Ce voyage fut très formateur : « Son traité sur la navigation publié en 1632, le « Traitté de la marine », souligne également un apprentissage par observation de la pratique plutôt qu'académique. Il montre peu de connaissances des principes mathématiques de la navigation et de topométrie, mais il utilise les procédures élémentaires de navigation et d'arpentage. Comme il ne cite que des textes espagnols et n'utilise que la lieue marine espagnole, c'est probablement à bord du vaisseau de son oncle qu'il accumula ses connaissances en navigation et cartographie. »

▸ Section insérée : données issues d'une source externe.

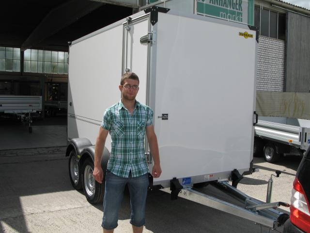 Jaroslav Kacer aus Tschechien holte seinen neuen 2,5to Humbaur Koffer mit Seitentüre gemeinsam mit seinen Sohn bei uns auf dem Ausstellungsgelände ab.

À son retour en France, il présente ses observations compilées dans le « Brief Discours » à la cour du roi. Il ne reprend pas un carnet de voyage, fait d'un journal tenu au jour le jour et de cartes crayonnées sur le terrain, car un tel document aurait pu être facilement découvert par ses compagnons espagnols et il aurait alors couru le risque d'une arrestation pour espionnage. Il se contente de ses souvenirs, plus ou moins précis, qu'il complète avec des informations recueillies lors de conversations, de lectures et de visites de cabinets de curiosités. La confrontation du Brief Discours avec les archives espagnoles permet de douter que Champlain ait visité en personne tous les lieux décrits, en particulier l'île de la Marguerite, Mexico et l'isthme de Panama.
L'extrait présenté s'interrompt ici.